WHAT THE EXERCISE ASKS. Every entry below should be copied exactly, minus the pictures.

((

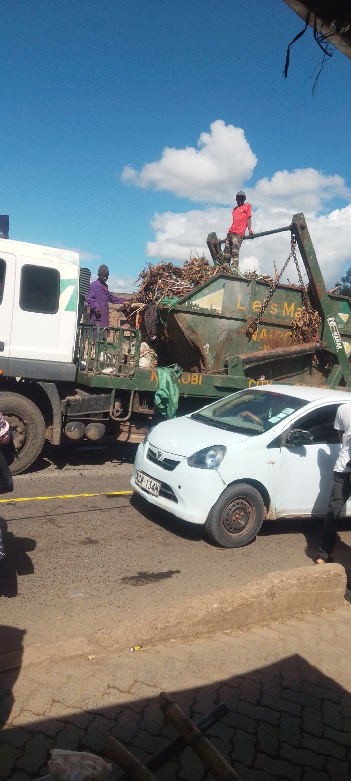 The image depicts a daytime street scene in Nairobi, Kenya, under a clear blue sky with scattered white clouds
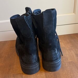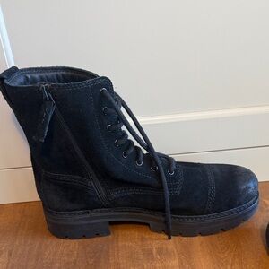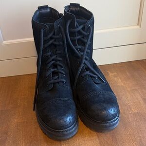Elegant black suede boots with sturdy lace-up design. Ideal for versatile wear.
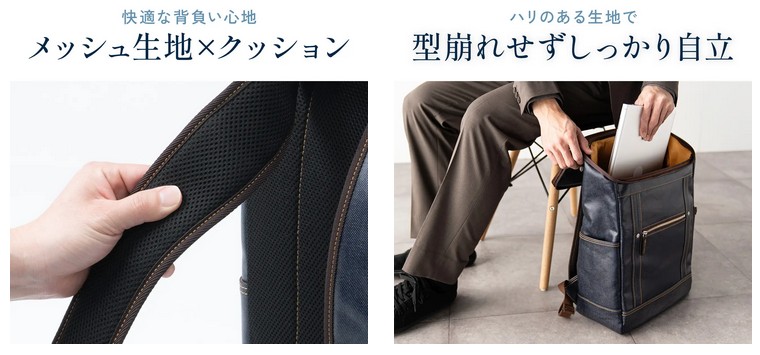 岡山産の児島デニムを使用し、鞄づくりの名産地として知られる兵庫県豊岡で縫製した、日本製ならではの魅力が詰まったビジネスリュック。素材の風合いと丁寧な仕立てが調和し、日常使いのアイテムでありながら、持つ人のこだわりや品格まで引き立てる。通勤バッグに“質のよさ”を求める方にふさわしいモデルだ。
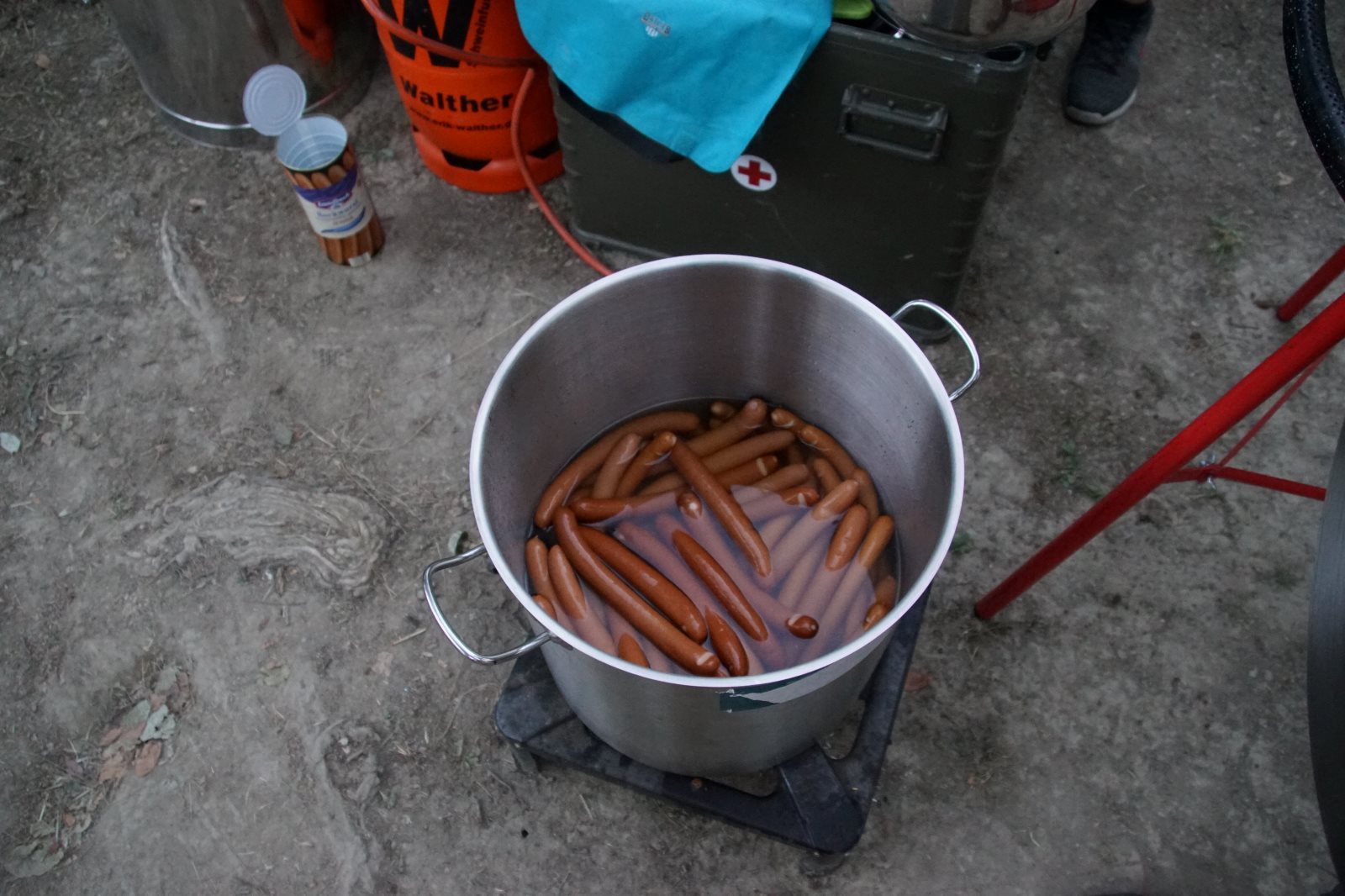 Zum Glück hat Frank so variabel eingekauft, dass wir nur Würstchen warm machen mussten. Die französische Käsesauce kann warten, auch wenn mir das Wasser im Mund zusammenläuft, wenn ich nur daran denke… -😊
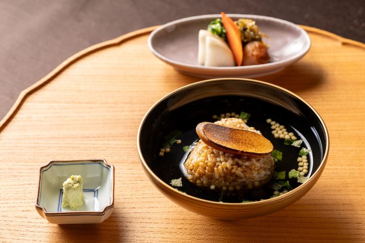 お食事には滋賀県のオーガニック米を使用するなど、地域の魅力溢れるメニューが予定されています。飲み物には、滋賀県の自然環境を活かした酒造りに取り組んでいる福井弥平商店の「萩乃露 純米大吟醸 黒ラベル」や、松瀬酒造の「松の司 純米大吟醸 竜王山田錦」がラインナップ。冬に旬を迎える地域料理と滋賀県の酒蔵が手掛ける名酒とのマリアージュが提案されます。

))

SOLVED PROBLEM.
 The image depicts a daytime street scene in Nairobi, Kenya, under a clear blue sky with scattered white clouds
Elegant black suede boots with sturdy lace-up design. Ideal for versatile wear.
 岡山産の児島デニムを使用し、鞄づくりの名産地として知られる兵庫県豊岡で縫製した、日本製ならではの魅力が詰まったビジネスリュック。素材の風合いと丁寧な仕立てが調和し、日常使いのアイテムでありながら、持つ人のこだわりや品格まで引き立てる。通勤バッグに“質のよさ”を求める方にふさわしいモデルだ。
 Zum Glück hat Frank so variabel eingekauft, dass wir nur Würstchen warm machen mussten. Die französische Käsesauce kann warten, auch wenn mir das Wasser im Mund zusammenläuft, wenn ich nur daran denke… -😊
 お食事には滋賀県のオーガニック米を使用するなど、地域の魅力溢れるメニューが予定されています。飲み物には、滋賀県の自然環境を活かした酒造りに取り組んでいる福井弥平商店の「萩乃露 純米大吟醸 黒ラベル」や、松瀬酒造の「松の司 純米大吟醸 竜王山田錦」がラインナップ。冬に旬を迎える地域料理と滋賀県の酒蔵が手掛ける名酒とのマリアージュが提案されます。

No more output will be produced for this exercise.